WHAT YOU NEED TO DO ->
Your copy of the data should match it exactly, leaving out only the pictures.
===== DATA LISTING =====
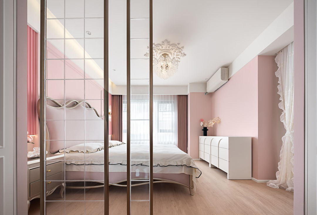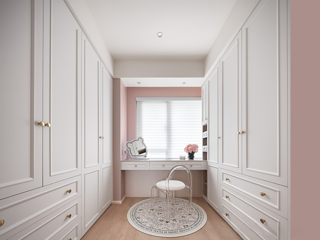 整體色調(diào)以粉色與白色為主,粉色作為主色調(diào),為空間披上了一層溫柔的面紗,白色作為輔助色,墻面、天花板、衣柜以及梳妝臺(tái)等家具,與粉色的床品、窗簾等軟裝相互映襯,使得整個(gè)主臥看起來(lái)既簡(jiǎn)潔又不失層次感。
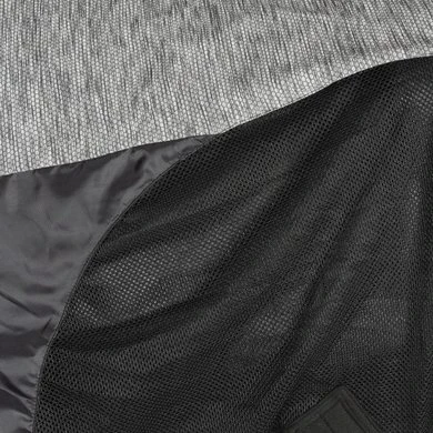 The main muscle parts of the horse’s back are covered by the Hybrid fabric with Graphene print. The graphene makes the fabric thermoregulating, so the heat from the horse’s body is equally distributed all over the fabric surface to avoid cold spots or overheating. The fabric is also very breathable and allows excess heat to escape, it is anti-static. The Graphene print is made of carbon fragments that direct energy and the static is led away from the horse/coat. The lower part of the rug is a light mesh fabric.
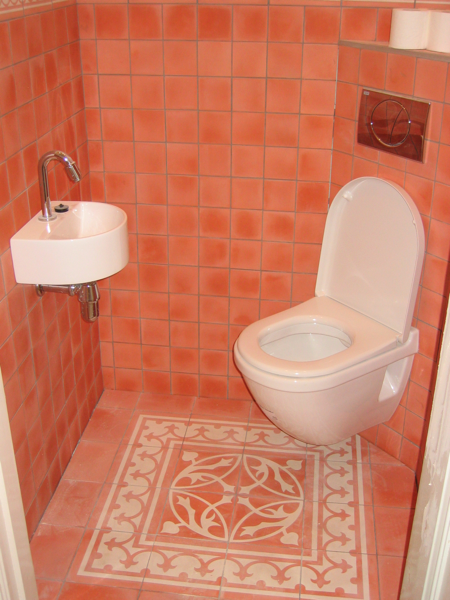 Castelo-wc compleet betegeld met Castelo cementtegels en afgemonteerd in Harense 30er jaren villa.
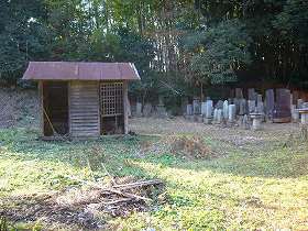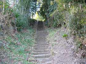| 城に登れる場所は1ケ所しかない。それが東側のこの石段を上がる道である。 | 上がった所が平坦地になり、墓地に利用されている。正面奥に土手が見えるが、これが本来の城塁である。 |
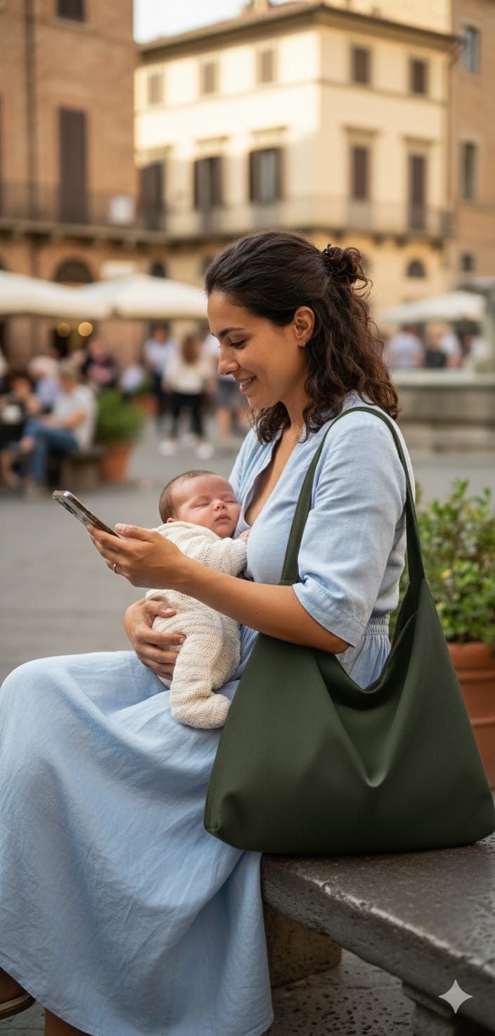 Il modello a tracolla offre massima libertà di movimento e mantiene le mani libere, rendendola ideale per chi si sposta in città, in bici o nei mezzi pubblici.
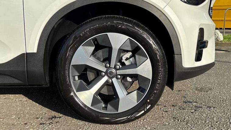 12.3" Progressive Driver Display, 9" centre console portrait touch screen, Adjustable steering wheel force, Android auto (Wired), Apple carplay (wired), Bluetooth handsfree system, Driver alert control, Driver assistance (pilot assist and adaptive cruise control), Driver awareness - Blind spot information system with steer assist, cross traffic alert with autobrake and rear collision warning and mitigation, E-call, Front and rear parking sensors, Front park assist, Google automotive services - Enabled entertainment apps, navigation with google maps, voice recognition with google assistant, Hands free power tailgate, Intelligent speed assistance, Lane keeping aid, Oncoming Lane Mitigation, Speed sensitive steering, Volvo cars services with app - Driving journal, emergency and breakdown call, engine remote start, remote door locking/unlocking and vehicle dashboard, Wireless/Inductive Mobile Phone Charging, Automatic transmission with start/stop and manual change functions, Dynamic chassis, DAB Digital radio, Steering wheel mounted remote controls, Adaptive brake lights with high level LED brake lights, Auto dimming feature for exterior door mirrors, Auto dimming interior mirror, Auto folding and heated power door mirrors, Automatic headlamp levelling, Automatic LED Headlights + Active high beam incorporating daytime running lights, Front aluminium tread plates, Front and rear electric windows, High gloss black front and rear skid plate, High gloss black front bumper deco, High gloss black mesh front grille with high gloss black surround, High gloss black window trim, Home safe and approach lighting, Integrated roof rails in high gloss black, LED front fog lights, Puddle lights, Rain sensor with automatic windscreen wiper activation, Rear side wing doors, Rear wiper, Roof antenna, Roof spoiler, Visible VIN plate, 12V socket in front tunnel console and luggage compartment, 2-Zone electronic climate control with CleanZone air quality system and pollen filter, 3 seat bench in 2nd row, 3 Spoke tailored steering wheel with chrome trim, 60/40 versatile split folding rear seat, Centre console cupholders and storage, Charcoal carpet and floor mats, Charcoal headlining, Connect suede textile/microtech upholstery, Flexible load floor and grocery bag holder, Front headrests, Front seat cushion extensions, Glovebox bag hook, Heated front seats, Height adjustable passenger seat, Height/reach adjustable steering column, High gloss centre tunnel deco, High level illumination - Front door pocket, front side step (under door), tailgate, instrument panel, front door inlay, rear courtesy&reading lights, Integrated waste bin, Isofix attachments on outer rear seats, Load cover, Load protection net, Mid level illumination - Front footwell, luggage & glovebox compartment, front cabin courtesy & reading lights, illuminated vanity mirrors+ticket holder, Multi directional lumbar support for driver and passenger seat, Power driver seat with memory + exterior mirrors memory, Rear armrest with cupholders, Rear headrests, Single front passenger seat, Underfloor luggage compartment storage, Climate pack without heated front seats - XC40, 3x3 point rear seatbelts, City safety with steering support with Pedestrian + cyclist + front collision warning with full auto brake and rear auto brake, Driver and passenger airbags, Drivers knee airbag, Electronic parking brake with auto hold, First aid kit, Front and outer rear seatbelt reminder and pretensioners, Front seats SIPS airbags, Hill descent control - Off-road drive mode, Hill start assist, IC (Inflatable Curtains) - Full Length, Passenger airbag cut-off device, Power child locks on rear doors, Road sign information display, Run off Road Protection, SIPS (Side Impact Protection System), Slippery road and hazard light alert, Stability and Traction Control with Spin control, Engine Drag Control and Corner Traction Control, Tyre pressure monitoring system, Vehicle deceleration control with Anti-lock Brake System, Electronic Brake Distribution and Emergency Brake Assist, Warning triangle, WHIPS whiplash protection system - front, 2 x Key integrated remote control central locking including with deadlocking system and auto open/close windows, Anti-theft alarm including immobiliser/volume sensor + level sensor, Keyless drive includes keyless entry and keyless start, Locking wheel nuts,
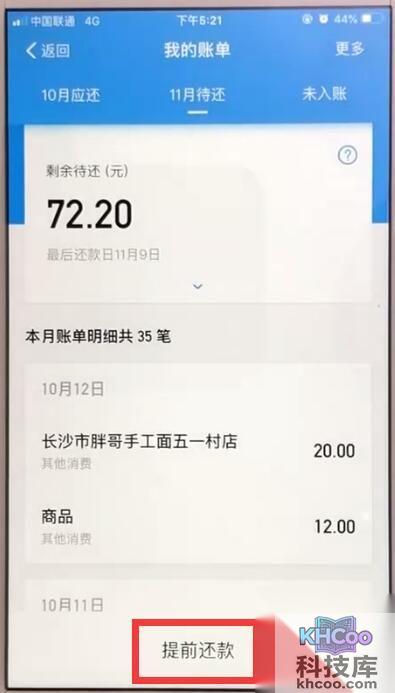 3、若本月的已经还清,那我们可以点击下月的,然后点击屏幕下方的【提前还款】,
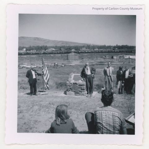Written on back: [black ink] "Alex Gordon - Holding the flag" [pencil] "Plaque dedication of the Rawlins Spring[sic], and City Hall."
=====
EXERCISE SOLUTION ->
 整體色調(diào)以粉色與白色為主,粉色作為主色調(diào),為空間披上了一層溫柔的面紗,白色作為輔助色,墻面、天花板、衣柜以及梳妝臺(tái)等家具,與粉色的床品、窗簾等軟裝相互映襯,使得整個(gè)主臥看起來(lái)既簡(jiǎn)潔又不失層次感。
 The main muscle parts of the horse’s back are covered by the Hybrid fabric with Graphene print. The graphene makes the fabric thermoregulating, so the heat from the horse’s body is equally distributed all over the fabric surface to avoid cold spots or overheating. The fabric is also very breathable and allows excess heat to escape, it is anti-static. The Graphene print is made of carbon fragments that direct energy and the static is led away from the horse/coat. The lower part of the rug is a light mesh fabric.
 Castelo-wc compleet betegeld met Castelo cementtegels en afgemonteerd in Harense 30er jaren villa.
| 城に登れる場所は1ケ所しかない。それが東側のこの石段を上がる道である。 | 上がった所が平坦地になり、墓地に利用されている。正面奥に土手が見えるが、これが本来の城塁である。 |
 Il modello a tracolla offre massima libertà di movimento e mantiene le mani libere, rendendola ideale per chi si sposta in città, in bici o nei mezzi pubblici.
 12.3" Progressive Driver Display, 9" centre console portrait touch screen, Adjustable steering wheel force, Android auto (Wired), Apple carplay (wired), Bluetooth handsfree system, Driver alert control, Driver assistance (pilot assist and adaptive cruise control), Driver awareness - Blind spot information system with steer assist, cross traffic alert with autobrake and rear collision warning and mitigation, E-call, Front and rear parking sensors, Front park assist, Google automotive services - Enabled entertainment apps, navigation with google maps, voice recognition with google assistant, Hands free power tailgate, Intelligent speed assistance, Lane keeping aid, Oncoming Lane Mitigation, Speed sensitive steering, Volvo cars services with app - Driving journal, emergency and breakdown call, engine remote start, remote door locking/unlocking and vehicle dashboard, Wireless/Inductive Mobile Phone Charging, Automatic transmission with start/stop and manual change functions, Dynamic chassis, DAB Digital radio, Steering wheel mounted remote controls, Adaptive brake lights with high level LED brake lights, Auto dimming feature for exterior door mirrors, Auto dimming interior mirror, Auto folding and heated power door mirrors, Automatic headlamp levelling, Automatic LED Headlights + Active high beam incorporating daytime running lights, Front aluminium tread plates, Front and rear electric windows, High gloss black front and rear skid plate, High gloss black front bumper deco, High gloss black mesh front grille with high gloss black surround, High gloss black window trim, Home safe and approach lighting, Integrated roof rails in high gloss black, LED front fog lights, Puddle lights, Rain sensor with automatic windscreen wiper activation, Rear side wing doors, Rear wiper, Roof antenna, Roof spoiler, Visible VIN plate, 12V socket in front tunnel console and luggage compartment, 2-Zone electronic climate control with CleanZone air quality system and pollen filter, 3 seat bench in 2nd row, 3 Spoke tailored steering wheel with chrome trim, 60/40 versatile split folding rear seat, Centre console cupholders and storage, Charcoal carpet and floor mats, Charcoal headlining, Connect suede textile/microtech upholstery, Flexible load floor and grocery bag holder, Front headrests, Front seat cushion extensions, Glovebox bag hook, Heated front seats, Height adjustable passenger seat, Height/reach adjustable steering column, High gloss centre tunnel deco, High level illumination - Front door pocket, front side step (under door), tailgate, instrument panel, front door inlay, rear courtesy&reading lights, Integrated waste bin, Isofix attachments on outer rear seats, Load cover, Load protection net, Mid level illumination - Front footwell, luggage & glovebox compartment, front cabin courtesy & reading lights, illuminated vanity mirrors+ticket holder, Multi directional lumbar support for driver and passenger seat, Power driver seat with memory + exterior mirrors memory, Rear armrest with cupholders, Rear headrests, Single front passenger seat, Underfloor luggage compartment storage, Climate pack without heated front seats - XC40, 3x3 point rear seatbelts, City safety with steering support with Pedestrian + cyclist + front collision warning with full auto brake and rear auto brake, Driver and passenger airbags, Drivers knee airbag, Electronic parking brake with auto hold, First aid kit, Front and outer rear seatbelt reminder and pretensioners, Front seats SIPS airbags, Hill descent control - Off-road drive mode, Hill start assist, IC (Inflatable Curtains) - Full Length, Passenger airbag cut-off device, Power child locks on rear doors, Road sign information display, Run off Road Protection, SIPS (Side Impact Protection System), Slippery road and hazard light alert, Stability and Traction Control with Spin control, Engine Drag Control and Corner Traction Control, Tyre pressure monitoring system, Vehicle deceleration control with Anti-lock Brake System, Electronic Brake Distribution and Emergency Brake Assist, Warning triangle, WHIPS whiplash protection system - front, 2 x Key integrated remote control central locking including with deadlocking system and auto open/close windows, Anti-theft alarm including immobiliser/volume sensor + level sensor, Keyless drive includes keyless entry and keyless start, Locking wheel nuts,
 3、若本月的已经还清,那我们可以点击下月的,然后点击屏幕下方的【提前还款】,
Written on back: [black ink] "Alex Gordon - Holding the flag" [pencil] "Plaque dedication of the Rawlins Spring[sic], and City Hall."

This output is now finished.